##### RECORD SET
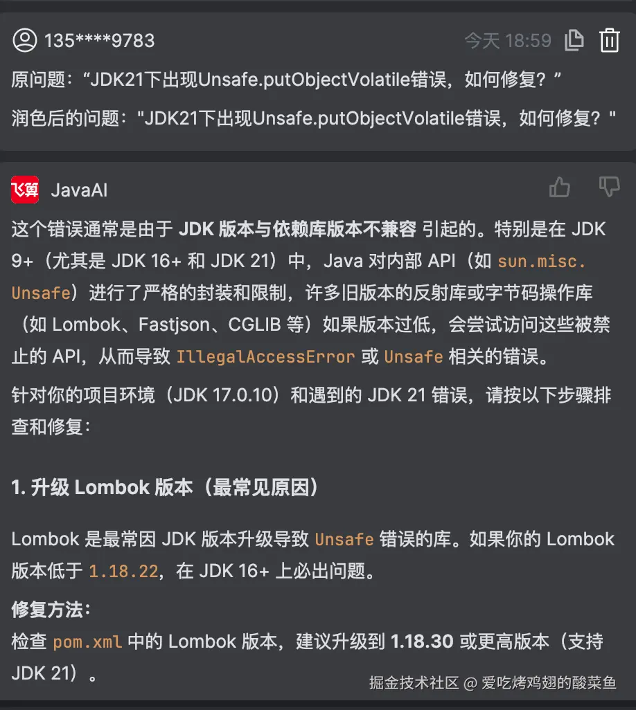 AI立刻识别出这是Netty版本与JDK21不兼容的问题,并给出三步解决方案:
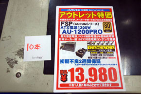 パソコン工房 秋葉原BUYMORE店では、FSPの80PLUS GOLD認証電源「AURUM」シリーズのアウトレット品が特価で売られている。定格1200Wの「AU-1200PRO」が税込み1万3980円で、600Wの「AU-600」が同4980円、400Wの「AU-400」が同3980円となる。週末を前に在庫は10台と2台、4台だった。
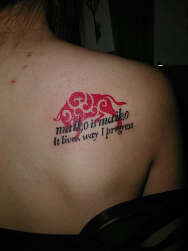 メッセージと赤い牛のトライバルですφ(・д・。)
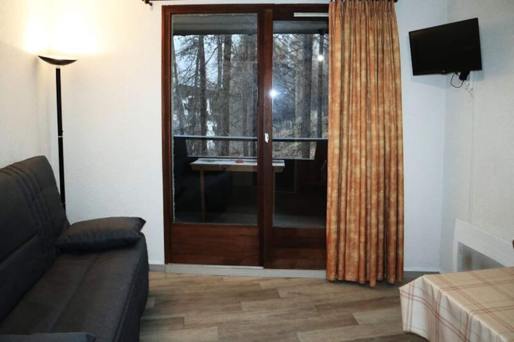 I et roligt kvarter omgivet af tårnhøje lærketræer tilbyder denne charmerende studiolejlighed et fredeligt tilflugtssted i hjertet af de franske alper. Beliggende på 4. sal i en velholdt bolig tilbyder den et hyggeligt og funktionelt rum til op til fire gæster, hvilket gør det til et ideelt valg for par eller små familier, der søger en bjergferie. Med Prébois-stoleliften kun 250 meter væk og lokale butikker og faciliteter kun 200 meter fra din dørtrin, er bekvemmelighed og eventyr altid inden for rækkevidde. \n\nIndvendigt er lejligheden omhyggeligt designet til at maksimere komfort og praktisk anvendelighed. Indgangen har to enkeltsenge, perfekte til børn eller ekstra gæster, mens stuen kan prale af en komfortabel dobbeltsovesofa. Tekøkkenet er udstyret med alt det nødvendige til at tilberede måltider efter en dag med udforskning af pisterne eller vandrestierne. Et separat badeværelse og toilet bidrager til bekvemmeligheden, mens den store vestvendte balkon inviterer dig til at slappe af med en fantastisk udsigt over dalen og betagende alpine solnedgange. \n\nUd over boligen tilbyder området en række aktiviteter for enhver sæson. Om vinteren kan du nyde den nemme adgang til skiløjperne og stoleliftene, mens sommeren forvandler regionen til et paradis for vandrere, cyklister og naturelskere. De nærliggende butikker og restauranter sikrer, at du har alt, hvad du behøver for et behageligt ophold, fra friske lokale råvarer til lækker regional mad. \n\nUanset om du søger spændende udendørseventyr eller rolige øjeblikke omgivet af naturen, er denne studiolejlighed den perfekte base for en uforglemmelig alpin flugt.
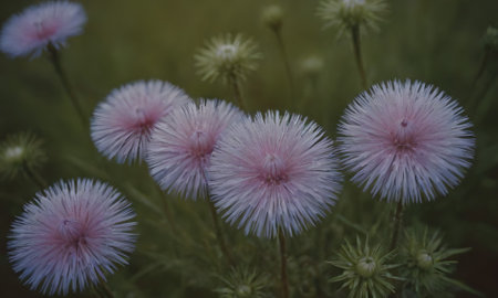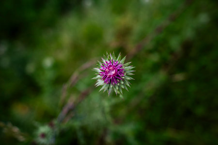 Minimalist macro of Carduus nigrescens bud with purple petals and green spines, isolated on blurred background. Concept of wild flora, resilience, strength and natural design.
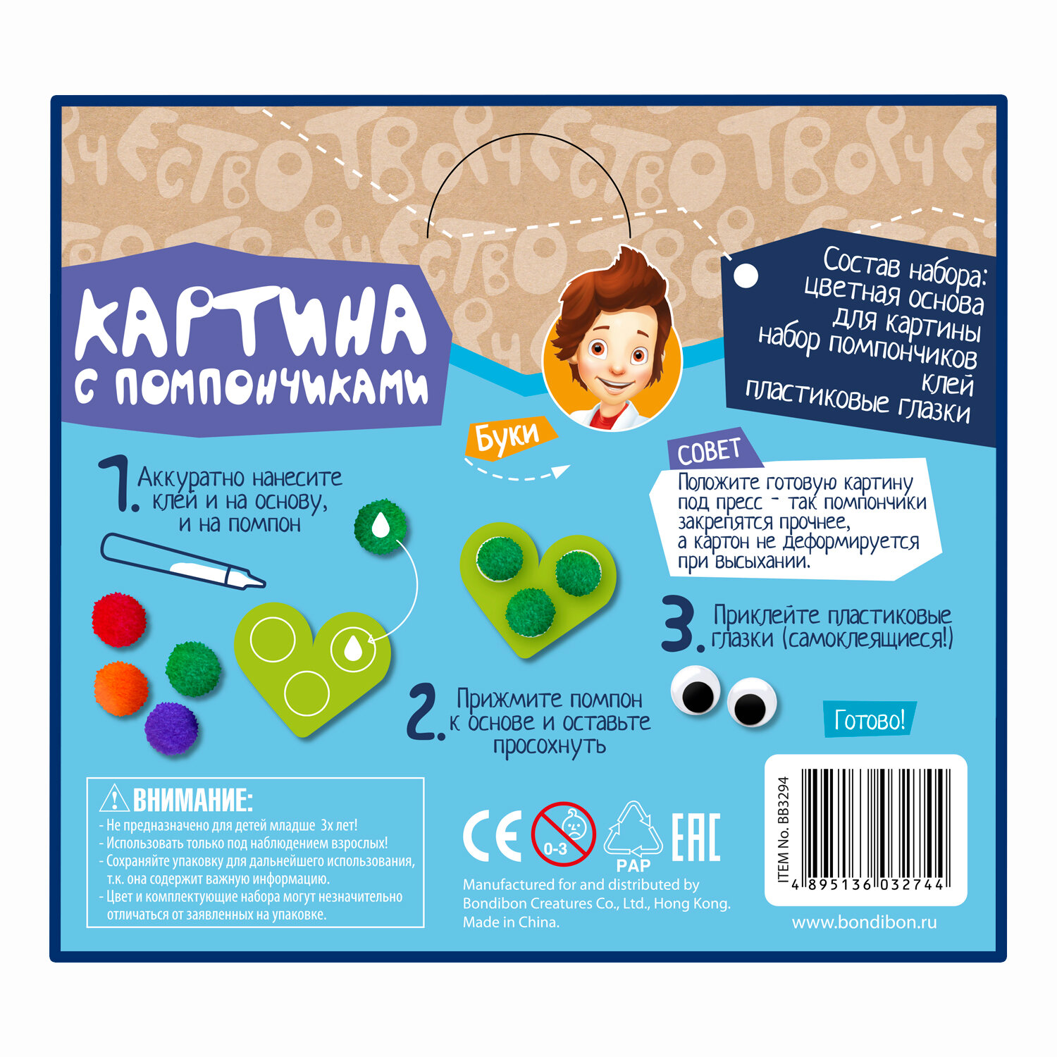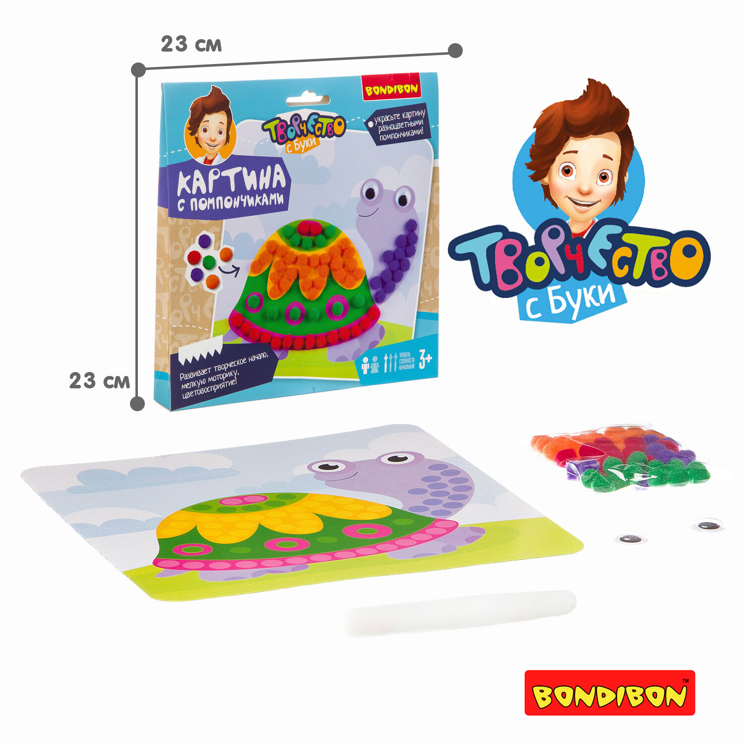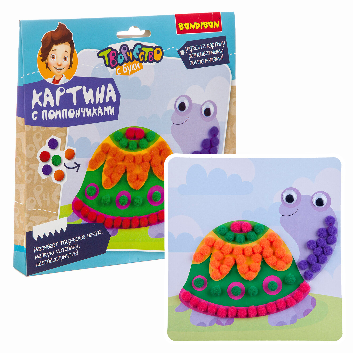 Набор для творчества "Картины с помпончиками. Черепашка" (ВВ3294); BONDIBON, 2018
##########
Without the pictures, transcribe the listing exactly as it stands.

• WRITTEN SOLUTION:
 AI立刻识别出这是Netty版本与JDK21不兼容的问题,并给出三步解决方案:
 パソコン工房 秋葉原BUYMORE店では、FSPの80PLUS GOLD認証電源「AURUM」シリーズのアウトレット品が特価で売られている。定格1200Wの「AU-1200PRO」が税込み1万3980円で、600Wの「AU-600」が同4980円、400Wの「AU-400」が同3980円となる。週末を前に在庫は10台と2台、4台だった。
 メッセージと赤い牛のトライバルですφ(・д・。)
 I et roligt kvarter omgivet af tårnhøje lærketræer tilbyder denne charmerende studiolejlighed et fredeligt tilflugtssted i hjertet af de franske alper. Beliggende på 4. sal i en velholdt bolig tilbyder den et hyggeligt og funktionelt rum til op til fire gæster, hvilket gør det til et ideelt valg for par eller små familier, der søger en bjergferie. Med Prébois-stoleliften kun 250 meter væk og lokale butikker og faciliteter kun 200 meter fra din dørtrin, er bekvemmelighed og eventyr altid inden for rækkevidde. \n\nIndvendigt er lejligheden omhyggeligt designet til at maksimere komfort og praktisk anvendelighed. Indgangen har to enkeltsenge, perfekte til børn eller ekstra gæster, mens stuen kan prale af en komfortabel dobbeltsovesofa. Tekøkkenet er udstyret med alt det nødvendige til at tilberede måltider efter en dag med udforskning af pisterne eller vandrestierne. Et separat badeværelse og toilet bidrager til bekvemmeligheden, mens den store vestvendte balkon inviterer dig til at slappe af med en fantastisk udsigt over dalen og betagende alpine solnedgange. \n\nUd over boligen tilbyder området en række aktiviteter for enhver sæson. Om vinteren kan du nyde den nemme adgang til skiløjperne og stoleliftene, mens sommeren forvandler regionen til et paradis for vandrere, cyklister og naturelskere. De nærliggende butikker og restauranter sikrer, at du har alt, hvad du behøver for et behageligt ophold, fra friske lokale råvarer til lækker regional mad. \n\nUanset om du søger spændende udendørseventyr eller rolige øjeblikke omgivet af naturen, er denne studiolejlighed den perfekte base for en uforglemmelig alpin flugt.
 Minimalist macro of Carduus nigrescens bud with purple petals and green spines, isolated on blurred background. Concept of wild flora, resilience, strength and natural design.
 Набор для творчества "Картины с помпончиками. Черепашка" (ВВ3294); BONDIBON, 2018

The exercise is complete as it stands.